Start of Material provided

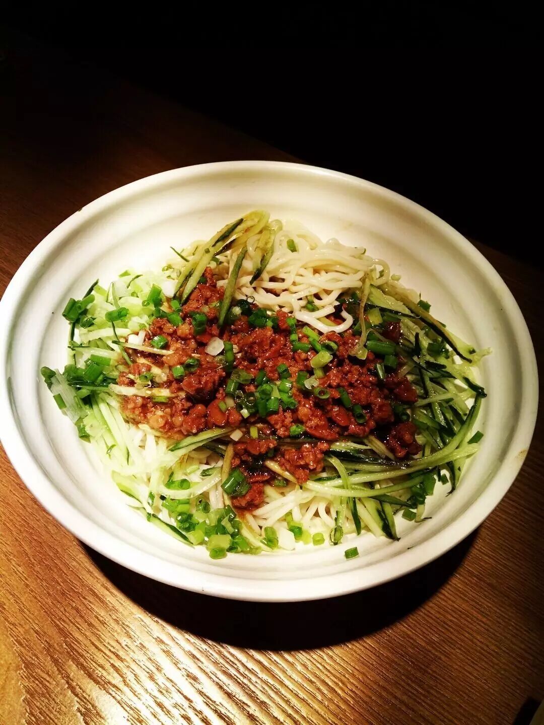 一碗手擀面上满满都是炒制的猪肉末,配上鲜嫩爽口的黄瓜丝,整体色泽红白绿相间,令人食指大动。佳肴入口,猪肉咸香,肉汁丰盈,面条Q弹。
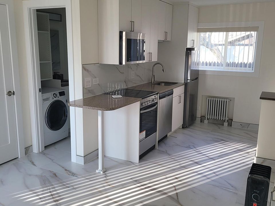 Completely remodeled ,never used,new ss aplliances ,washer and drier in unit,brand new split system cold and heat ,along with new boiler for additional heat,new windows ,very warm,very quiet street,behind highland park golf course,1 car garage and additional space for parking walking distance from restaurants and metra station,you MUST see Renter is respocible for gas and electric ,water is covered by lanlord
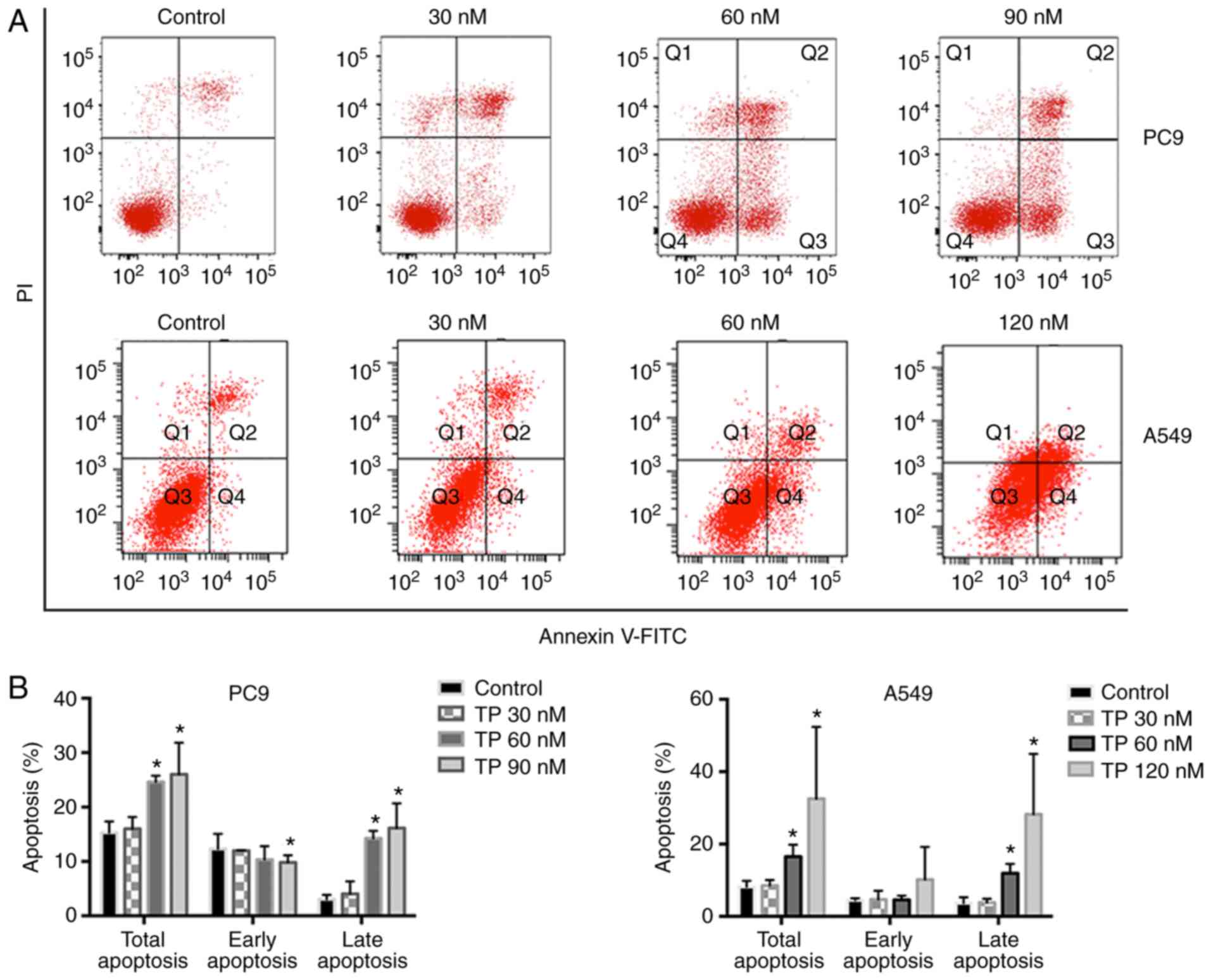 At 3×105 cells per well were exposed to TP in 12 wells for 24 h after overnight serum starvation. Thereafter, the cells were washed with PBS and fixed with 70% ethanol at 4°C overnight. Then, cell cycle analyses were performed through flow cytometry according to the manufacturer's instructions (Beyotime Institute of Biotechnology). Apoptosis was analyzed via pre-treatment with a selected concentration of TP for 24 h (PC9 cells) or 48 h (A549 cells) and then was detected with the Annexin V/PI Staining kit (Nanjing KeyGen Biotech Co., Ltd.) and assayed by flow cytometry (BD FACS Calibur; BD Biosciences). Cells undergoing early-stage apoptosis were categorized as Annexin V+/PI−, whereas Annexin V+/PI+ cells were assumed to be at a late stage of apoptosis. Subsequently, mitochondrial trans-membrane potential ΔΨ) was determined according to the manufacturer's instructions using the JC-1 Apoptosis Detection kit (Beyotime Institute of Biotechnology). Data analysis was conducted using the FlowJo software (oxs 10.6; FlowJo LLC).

End of Material provided
Start of Material provided

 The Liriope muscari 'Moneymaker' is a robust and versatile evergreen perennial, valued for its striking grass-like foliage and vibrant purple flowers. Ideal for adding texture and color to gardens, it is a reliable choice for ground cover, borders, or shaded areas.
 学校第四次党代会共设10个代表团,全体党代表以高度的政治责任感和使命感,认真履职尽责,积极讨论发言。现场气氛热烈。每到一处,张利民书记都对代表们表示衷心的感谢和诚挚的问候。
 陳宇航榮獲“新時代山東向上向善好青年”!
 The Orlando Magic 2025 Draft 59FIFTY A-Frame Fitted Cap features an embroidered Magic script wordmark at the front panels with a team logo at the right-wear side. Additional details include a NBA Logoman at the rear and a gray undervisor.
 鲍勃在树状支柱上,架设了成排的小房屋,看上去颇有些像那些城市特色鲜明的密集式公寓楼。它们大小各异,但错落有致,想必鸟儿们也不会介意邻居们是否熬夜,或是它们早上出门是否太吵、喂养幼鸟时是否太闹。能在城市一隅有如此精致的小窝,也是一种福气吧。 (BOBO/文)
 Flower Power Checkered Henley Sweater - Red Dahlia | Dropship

End of Material provided
Start of Material provided

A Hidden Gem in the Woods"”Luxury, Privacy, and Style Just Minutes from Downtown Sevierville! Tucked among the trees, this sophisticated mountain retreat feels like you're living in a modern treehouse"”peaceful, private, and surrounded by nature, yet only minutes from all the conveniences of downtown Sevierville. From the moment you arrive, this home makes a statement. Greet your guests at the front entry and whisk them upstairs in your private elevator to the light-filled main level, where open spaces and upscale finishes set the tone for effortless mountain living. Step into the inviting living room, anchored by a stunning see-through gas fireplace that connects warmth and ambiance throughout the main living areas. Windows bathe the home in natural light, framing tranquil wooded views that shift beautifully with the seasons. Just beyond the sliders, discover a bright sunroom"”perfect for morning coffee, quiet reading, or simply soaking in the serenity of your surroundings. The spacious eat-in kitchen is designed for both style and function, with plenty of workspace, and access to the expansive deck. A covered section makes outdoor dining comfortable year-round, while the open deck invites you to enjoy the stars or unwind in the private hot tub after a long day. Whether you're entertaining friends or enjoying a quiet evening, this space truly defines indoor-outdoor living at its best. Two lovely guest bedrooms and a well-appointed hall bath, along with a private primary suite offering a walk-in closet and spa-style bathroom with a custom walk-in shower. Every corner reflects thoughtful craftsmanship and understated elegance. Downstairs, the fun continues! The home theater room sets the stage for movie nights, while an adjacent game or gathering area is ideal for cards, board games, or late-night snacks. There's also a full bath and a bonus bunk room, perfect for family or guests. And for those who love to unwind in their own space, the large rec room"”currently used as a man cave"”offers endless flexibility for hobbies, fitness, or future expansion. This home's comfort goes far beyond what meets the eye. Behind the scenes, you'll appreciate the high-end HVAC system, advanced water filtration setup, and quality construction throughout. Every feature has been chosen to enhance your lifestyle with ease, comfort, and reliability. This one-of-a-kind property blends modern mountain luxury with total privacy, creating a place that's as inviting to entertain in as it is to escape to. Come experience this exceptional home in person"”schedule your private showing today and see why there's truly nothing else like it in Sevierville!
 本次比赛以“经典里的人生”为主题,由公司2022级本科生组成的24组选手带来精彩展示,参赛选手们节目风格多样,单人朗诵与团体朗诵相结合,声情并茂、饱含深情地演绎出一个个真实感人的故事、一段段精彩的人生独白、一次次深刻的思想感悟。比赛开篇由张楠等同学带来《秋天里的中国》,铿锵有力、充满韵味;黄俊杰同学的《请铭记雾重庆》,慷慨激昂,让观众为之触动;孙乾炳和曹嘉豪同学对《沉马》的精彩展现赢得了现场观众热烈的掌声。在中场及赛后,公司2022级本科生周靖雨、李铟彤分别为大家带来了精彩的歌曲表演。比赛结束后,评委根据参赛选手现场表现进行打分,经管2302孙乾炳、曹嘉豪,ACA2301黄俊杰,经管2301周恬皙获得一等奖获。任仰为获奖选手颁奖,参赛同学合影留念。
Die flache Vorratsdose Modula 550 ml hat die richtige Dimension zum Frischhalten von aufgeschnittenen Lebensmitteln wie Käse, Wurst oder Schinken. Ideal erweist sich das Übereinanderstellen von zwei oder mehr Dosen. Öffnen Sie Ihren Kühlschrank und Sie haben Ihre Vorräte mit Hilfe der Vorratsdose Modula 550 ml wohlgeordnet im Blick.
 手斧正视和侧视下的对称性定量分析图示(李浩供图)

End of Material provided

**Directions for this task**. In the listing above, the lines from the one containing "学校第四次党代会共设10个代" through the one containing "Flower Power Checkered" must be set down exactly, with no other lines.

**Solution for this task**.
 学校第四次党代会共设10个代表团,全体党代表以高度的政治责任感和使命感,认真履职尽责,积极讨论发言。现场气氛热烈。每到一处,张利民书记都对代表们表示衷心的感谢和诚挚的问候。
 陳宇航榮獲“新時代山東向上向善好青年”!
 The Orlando Magic 2025 Draft 59FIFTY A-Frame Fitted Cap features an embroidered Magic script wordmark at the front panels with a team logo at the right-wear side. Additional details include a NBA Logoman at the rear and a gray undervisor.
 鲍勃在树状支柱上,架设了成排的小房屋,看上去颇有些像那些城市特色鲜明的密集式公寓楼。它们大小各异,但错落有致,想必鸟儿们也不会介意邻居们是否熬夜,或是它们早上出门是否太吵、喂养幼鸟时是否太闹。能在城市一隅有如此精致的小窝,也是一种福气吧。 (BOBO/文)
 Flower Power Checkered Henley Sweater - Red Dahlia | Dropship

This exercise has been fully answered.